Alors, en tant que lecteur ou lectrice, faut-il poursuivre la lecture de ce manga ? Faut-il accepter une fin approchée, construite à partir de conversations, de storyboards et de mémoire, plutôt que renoncer à voir le destin de Guts et Griffith se conclure ? Ce dilemme déchire la communauté, entre ceux qui y voient une trahison artistique et ceux qui parlent d’acte d’amour ultime. Cet article te propose une analyse complète, nourrie des paroles de Kouji Mori, du travail du studio Gaga et des retours passionnés des fans, pour t’aider à décider si, toi aussi, tu continueras à avancer aux côtés du Struggler.
En bref :
- La suite de Berserk existe : depuis juin 2022, le manga a repris dans Young Animal, et le tome 42 marque une nouvelle ère sans Miura au dessin.
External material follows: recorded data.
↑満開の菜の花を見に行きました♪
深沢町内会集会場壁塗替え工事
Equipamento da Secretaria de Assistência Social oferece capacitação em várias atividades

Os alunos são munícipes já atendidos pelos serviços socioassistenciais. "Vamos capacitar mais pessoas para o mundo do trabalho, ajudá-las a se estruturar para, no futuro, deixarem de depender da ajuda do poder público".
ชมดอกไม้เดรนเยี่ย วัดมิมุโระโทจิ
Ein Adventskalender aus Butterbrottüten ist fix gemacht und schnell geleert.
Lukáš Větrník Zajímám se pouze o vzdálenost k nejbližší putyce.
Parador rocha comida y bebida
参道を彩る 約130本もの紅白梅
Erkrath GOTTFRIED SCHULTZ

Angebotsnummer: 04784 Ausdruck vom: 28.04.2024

- Kouji Mori supervise l’histoire : meilleur ami de Miura, il s’appuie sur des années de discussions détaillées pour guider la histoire vers la fin imaginée par le créateur.
- Studio Gaga assure le dessin : les anciens assistants du dessinateur reproduisent le style graphique, avec une fidélité telle qu’un lecteur non averti ne remarquerait pas l’absence de Miura.
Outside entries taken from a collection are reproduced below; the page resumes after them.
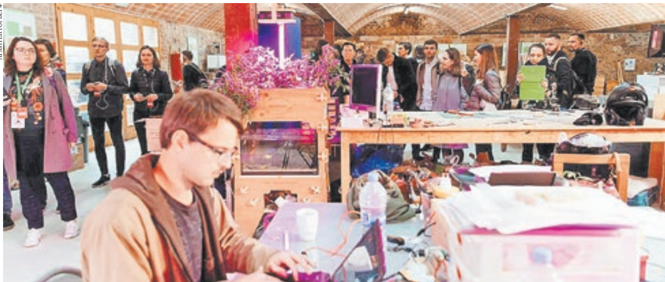
В Барселоне участники программы АРХИТЕКТОРЫ.РФ посетили архитектурную мастерскую Ricardo Bofill Taller de Arquitectura — ведущую мировую компанию в области архитектуры, планировки и дизайна

Молодые профессионалы рассказали, что им дало участие в программе АРХИТЕКТОРЫ.РФ
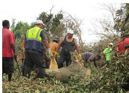
Dégagement des routes
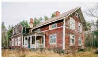
Leva & bo expressen.se
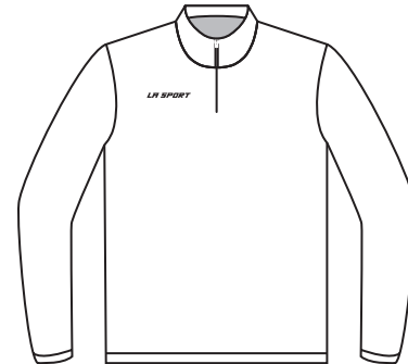
RW-01L Adulte / Adult Unisex / Unisex

1 à 11 unités : 25 % surcharge Prix augmenté de 10 % pour les grandeurs 3XL et plus. 1 to 11 units: 25% overcharge Pricing raised by 10% for sizes 3XL and over.
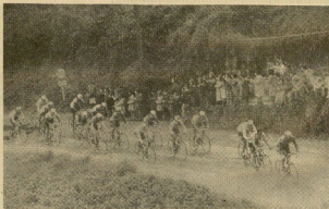
Concurranza de espectadores infantiles agudados a los ciclistas.
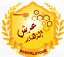
شركة عرش الزهور التجارية
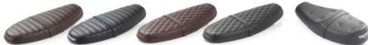
ASIENTO ACANALADO NEGRO A2304343 MARRÓN A2304634
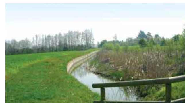
6a - La Fossa Pagana nell'aprile 2007, in una situazione di deflusso normale
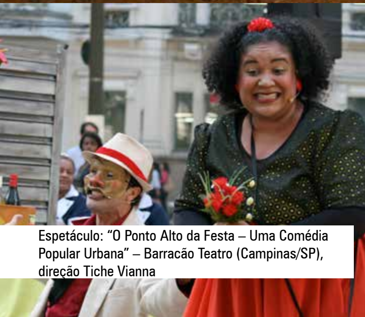
Espectáculo: "O Ponto Alto da Festa – Uma Comédia Popular Urbana" – Barracão Teatro (Campinas/SP), direção Tiche Vianna
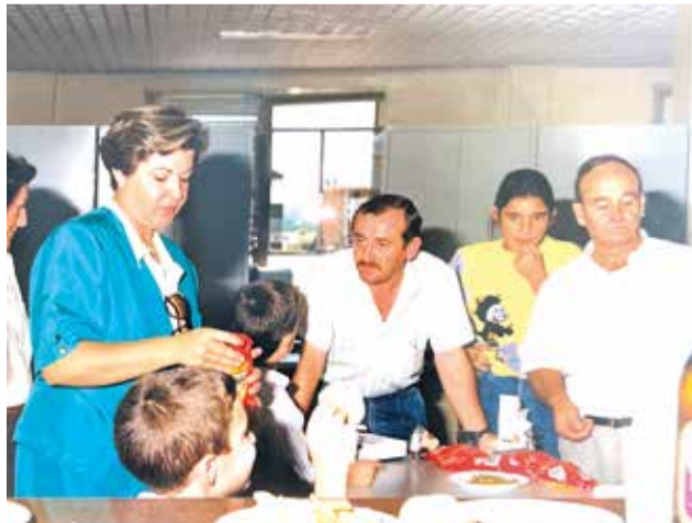
Tribuna municipal en els anys 90, en una celebració

replica, "tot va ser molt progressiu. Saps que el servici de recollida d'escombraries era molt diferent? No existia el plàstic, i el vidre no es rebutjava, els envasos buits es retornaven a les botigues. Eren uns altres temps".
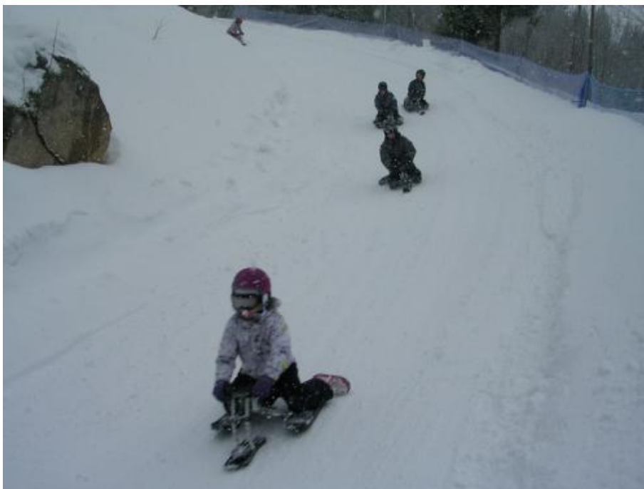
Full fart i källkbanan
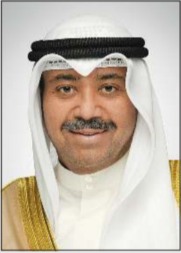
الشيخ عبدالله العلي

كونا: بعث وزير الدفاع الشيخ عبدالله العلي ببرقية تهنئة إلى وزير الحرب بالولايات المتحدة الأمريكية الصديقة بيت هيفيسيت بمناسبة الذكرى الـ 250 لاستقلال بلاده، وفق ما ذكرت وزارة الدفاع.
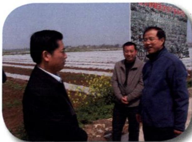
◀ 商务部副部长付自应 （右一）在合兴村调研 蔬菜产业发展

- L’œuvre ne sera jamais « parfaite » : Mori le dit lui‑même, cette suite Berserk reste une approximation respectueuse, pas la version définitive que Miura aurait dessinée.
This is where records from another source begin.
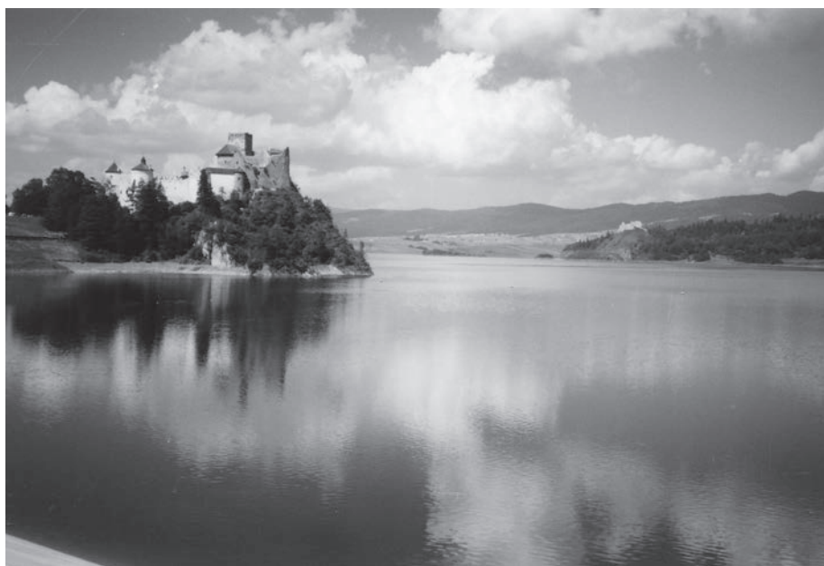
Fot. 3: Zamek Niedzica nad Zalewem Czorszyńskim.
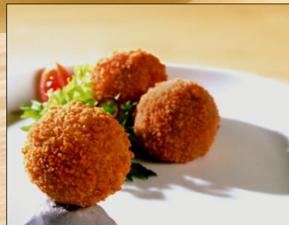
Bolita celebración de carne crujiente
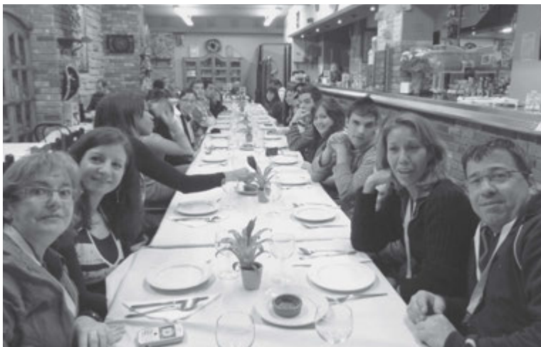
Los Jóvenes Adultos Solteros durante la cena en el restaurante mexicano.

- Un choix personnel : continuer la lecture de la continuation est une question de rapport à l’héritage, à la mémoire de Miura, et à ton propre lien à Berserk.
Berserk suite : faut-il continuer la lecture sans Miura ?
Si tu hésites : oui, poursuivre la suite de Berserk peut valoir le coup, à condition d’accepter deux choses. D’abord, ce n’est plus « le Berserk de Miura » au sens strict, mais une continuation supervisée par le seul ami à qui Miura avait confié la fin. Ensuite, il faut lire ces nouveaux tomes comme un double mouvement : terminer la histoire de Guts, et accompagner ceux qui l’ont aimé dans leur deuil.
Autrement dit, continuer n’est pas trahir Miura, si tu le fais en conscience : tu ne lis pas une imitation, tu lis la tentative la plus honnête de fermer le rideau sur un monde qui a marqué toute l’histoire du manga moderne.
Un Berserk sans Miura : ce qui a vraiment changé
Depuis le tome 42, la trame narrative de Berserk est construite à partir des souvenirs de Kouji Mori. Miura lui avait raconté la fin, parfois dans le détail, parfois sous forme d’intuitions. Ils discutaient presque chaque semaine, au téléphone ou en face à face. Mais aucune note, aucun manuscrit complet : tout repose sur la mémoire et la reconstruction.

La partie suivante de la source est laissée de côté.